I actually have difficulties getting a more droopy teardrop from the simulation as a void begins to form on top of the particles (Fig. 3). However I don't think Poleni's syntractrix is the right shape for the droplet filled so that there is no pressure at the tip of the tail, because the sign of the curvature of Poleni's syntractrix is the same everywhere on it and doesn't go to zero at the tip of the tail.

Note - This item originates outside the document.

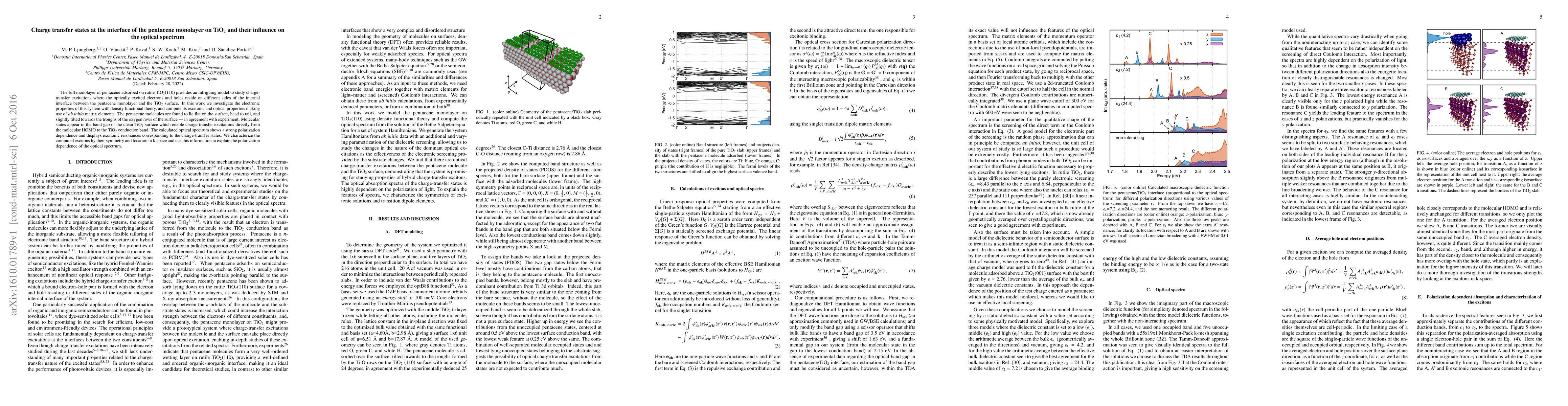 The full monolayer of pentacene adsorbed on rutile TiO$_2$(110) provides an intriguing model to study charge-transfer excitations where the optically excited electrons and holes reside on different sides of the internal interface between the pentacene monolayer and the TiO$_2$ surface. In this work we investigate the electronic properties of this system with density functional theory, and compute its excitonic and optical properties making use of \emph{ab initio} matrix elements. The pentacene molecules are found to lie flat on the surface, head to tail, and slightly tilted towards the troughs of the oxygen rows of the surface --- in agreement with experiment. Molecular states appear in the band gap of the clean TiO$_2$ surface which enable charge transfer excitations directly from the molecular HOMO to the TiO$_2$ conduction band. The calculated optical spectrum shows a strong polarization dependence and displays excitonic resonances corresponding to the charge-transfer states. We characterize the computed excitons by their symmetry and location in k-space and use this information to explain the polarization dependence of the optical spectrum.

Figure 3. Reducing the number of filling particles (M) from 730 to 700 (left, also you can view the simulation here) and 670 (right) forms a progressively larger void at the tip. The simulation was run for several hours of real world time.

Logs surrounded by a long log boom pulled by a tug boat also organize similarly, for example: http://www.histoireforestiereoutaouais.ca/en/wp-content/uploads/2013/08/c15-11.jpg.

Answer 2

This involves physics of equilibrium to form an ODE which decides its shape.

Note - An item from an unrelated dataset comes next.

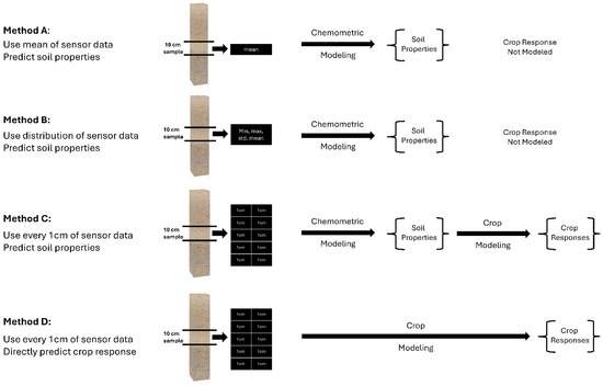 Four different methods were used to assess the model performance of the soil health and management properties. Modeling was performed with the PLSR using leave-one-out cross-validation [96]. The goal was to determine the best method of assessment between Methods A, B, and C as compared to the laboratory, and then use that method to compare to Method D in predicting the crop response (Figure 9).

Assumptions are: Bag is full, does not stretch, too long compared to height, force per unit length $N$ a.k.a. surface tension is proportional to height of water (of density $\gamma$) gravity load column above it, the hydraulic pressure is proportional to vertical depth (y) only, $\kappa$ membrane curvature.. and the like. Equilibrium requires

$$ N \kappa = p = \gamma \, y, \; \; \; \frac {y''}{(1+y'^2)^{3/2}} = k y $$

Integration leads to $Elastica$ shape. At the support point there is no depth of water weighing down on it so it is straight as you expected. Deeper down shape is described by elliptic integrals. At the deepest symmetry point $y^{'} $ is zero, so is a parabola locally.

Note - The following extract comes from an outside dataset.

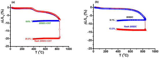 Figure 4 shows the dilatometric curves featuring the thickness shrinkage, from room temperature to 850 °C, of 20SDC + 10 vol% CNTs cylindrical pellets without and with the application of 210 V·cm−1 AC (1.1 kHz) electric field, limiting the current to 1 A to avoid thermal runaway that could occur with continuous increase of Joule heating. There is a 3% shrinkage of the sample with CNTs in the 400–450 °C range due to loss of CNTs, in agreement with the thermogravimetric data. The shrinkage levels attained were 8.6% and 20.2% without and with applying the electric field. Similar experiments were conducted in 20SDC samples without CNTs. The shrinkage levels were 8.1% and 13.3%, respectively, evidence of the enhancement of the densification by introducing CNTs in the 20SDC green pellets. Difference was also observed in the voltage–current temperature profiles, shown in the same figure. In the sample without CNTs, it takes 60 s for the flash event, i.e., for the electric current to reach the programmed value (1 A). The oscillation in the electric current might be due to the partial electronic conductivity of 20SDC, induced by the increase in temperature promoted by Joule heating. In the sample with CNTs, on the other hand, the applied voltage oscillates to yield a pulsed electric current through the sample. This might be due to the intermittent reaction of the CNTs with oxygen, yielding CO2 release.

The ODE gives insight as to its shape. Where the water level stops there and above that the bag is straight.

In Mechanics of materials text-book Den Hartog mentions shapes of heavy mercury drops once adopted for construction of large water tanks.

EDIT1:

To an extent, the static equilibrium balance between a helium filled lighter than air balloons floating in air is quite similar. They accordingly have an upside down shape of a teardrop.

EDIT 2:

The balloon gets meridian shape below when curvature changes along axis of symmetry per $ \kappa = 6 ( z -0.7): $

Answer 3

If you want something that looks like a drop but is not physically based, try the implicit equation $ax^2-(1-y)^3(1+y)=0$. The shape varies a little with $a$. Here it is for $a=4$, courtesy of WA.